25 September 2008

In Pyongyang, Brinkmanship Pays

There is a laundry list of daunting tasks that await the next American president. He must ease the financial crisis, manage two difficult wars, and perform the sort of diplomatic stagecraft that will counter regional hegemons in Russia and China. Now add the nuclear standoff in North Korea.

President George Bush will bequeath a number of foreign policy headaches to his successor, but the crisis in Pyongyang should not be one. In recent days, North Korea has expelled  United National atomic inspectors from its Yongbyon nuclear facility and announced plans to restart its bomb-making enrichment process. The International Atomic Energy Agency (IAEA) said that the North Koreans had removed seals and surveillance cameras from the Yongbyon plant and intend to reactivate the Soviet-era facility next week.

These developments signal a breakdown in the disarmament-for-aid negotiations, which began back in 2003. The six-party talks were deadlocked until October 2007 when North Korea agreed to disable its main nuclear reactor and fully disclose the details of its nuclear program to the IAEA. In exchange, the cash-strapped regime would receive economic aid and heavy fuel oil from neighboring South Korea.
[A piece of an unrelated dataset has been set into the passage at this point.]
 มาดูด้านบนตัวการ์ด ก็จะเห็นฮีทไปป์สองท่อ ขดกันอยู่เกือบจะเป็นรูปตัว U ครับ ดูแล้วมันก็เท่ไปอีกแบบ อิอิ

As added incentive, the Bush administration announced that compliance from the Pyongyang would see the North taken off the US state sponsors of terrorism list.

Washington delayed the move, however, as the North Koreans failed to agree on verification standards outlined by the IAEA. In doing so, the US unwittingly provided the North with a way out of the scheduled disarmament. Last month, Pyongyang claimed that denuclearization talks had failed, and this week moved to resume its nuclear program. Such heightened defiance of the international community represents a serious blow to the administration's efforts to halt weapons proliferation.
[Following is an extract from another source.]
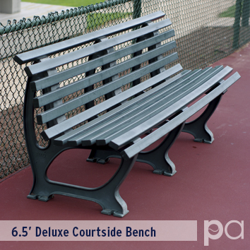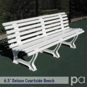 Multi-Purpose Tennis Court Sport Bench 6 ½’ L, Available in Green, White, or Blue. Made of tough and durable polyurethane molded plastic.

Surely, this comes at no surprise. Brinkmanship, in which a negotiating party leverages the threat of disaster to secure a favorable outcome, has been a core principle in Pyongyang's nuclear strategy. In an effort to win concessions from the international community, North Korea has frequently pushed the nuclear standoff to the brink. In 2006, the North tested long-range ballistic missiles and later staged a partially successful test of a nuclear weapon. These actions take North Korea farther away from the negotiating table, which means nonproliferators must offer even greater incentives for it to come back. 
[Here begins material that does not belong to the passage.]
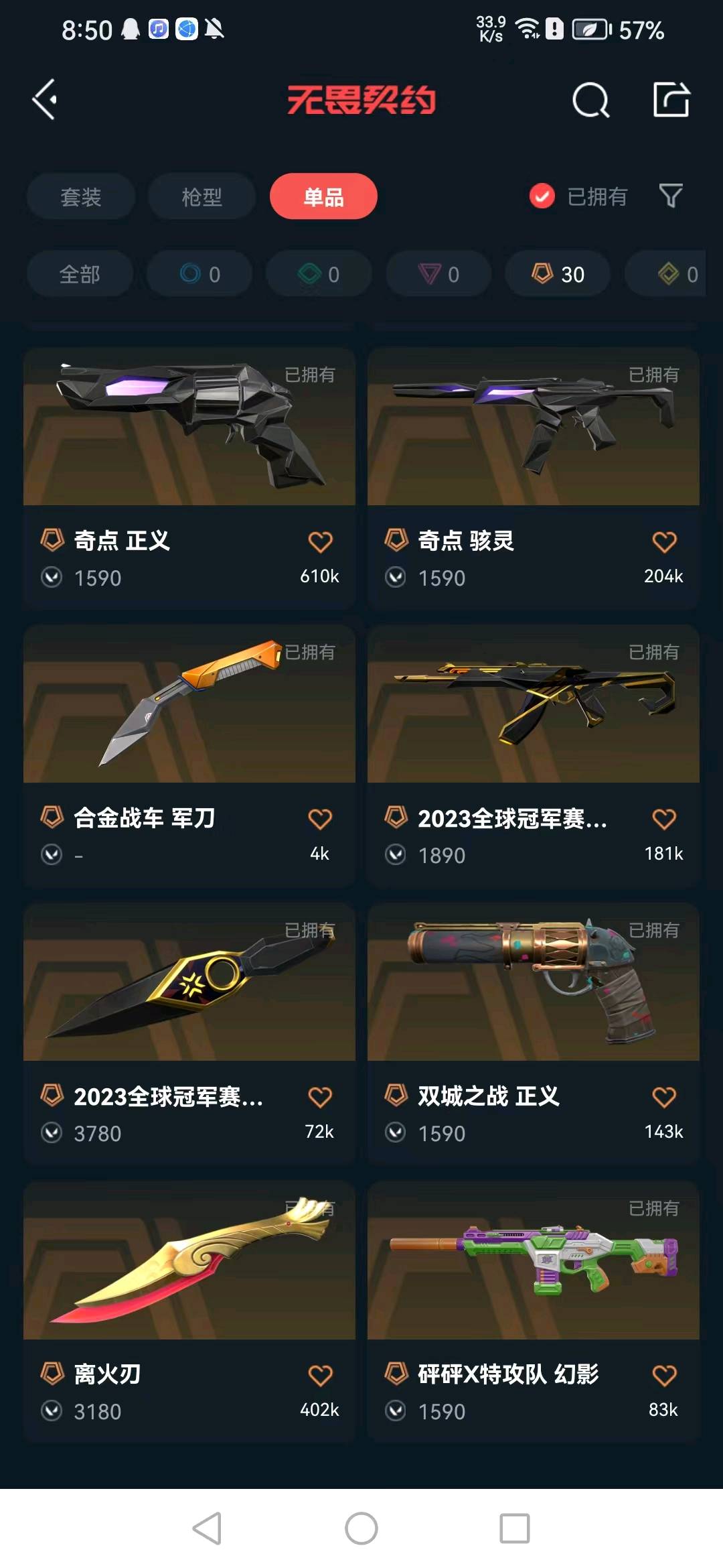 23冠军套❤️离火刃❤️归零套❤️盖亚奇点套❤️双城正义砰M4❤️摩托侦查套❤️天界套❤️

Given the current approach to the negotiations, the North stands to gain more from brinkmanship than coöperation. Indeed, Pyongyang has benefitted from America's ad hoc nuclear policy, successfully exploiting subtle rifts in the international community. In addition, a slew of larger, more immediate problems have allowed North Korea to operate in the shadows of political consciousness. It is to be expected that the North will periodically make noise enough to extract lucrative (and much needed) aid packages. 

Pyonyang's announcement this week is essentially a scare tactic designed to piggy-back on recent fears about Kim Jong Il's health and the stability of the regime. The US and its allies should not rush to appease the North. As Secretary of State Condoleezza Rice remarked, "We have been through ups and downs in this process before." But as Washington pushes for the standardization of nuclear monitoring procedures, it must likewise clarify its own position on nuclear proliferation. Accommodating India, isolating Iran, and neglecting North Korea is no way to forge a coherent strategy.

For the moment, Russia and China view North Korea as a potential threat to stability in the region and will make their own moves to keep Pyongyang in check. Nonetheless, with a looming succession of leadership in the North, Washington should be prepared to bring a renewed focus to the negotiating table. 

The will be a lot of questions for the new American president. This is one he should get right.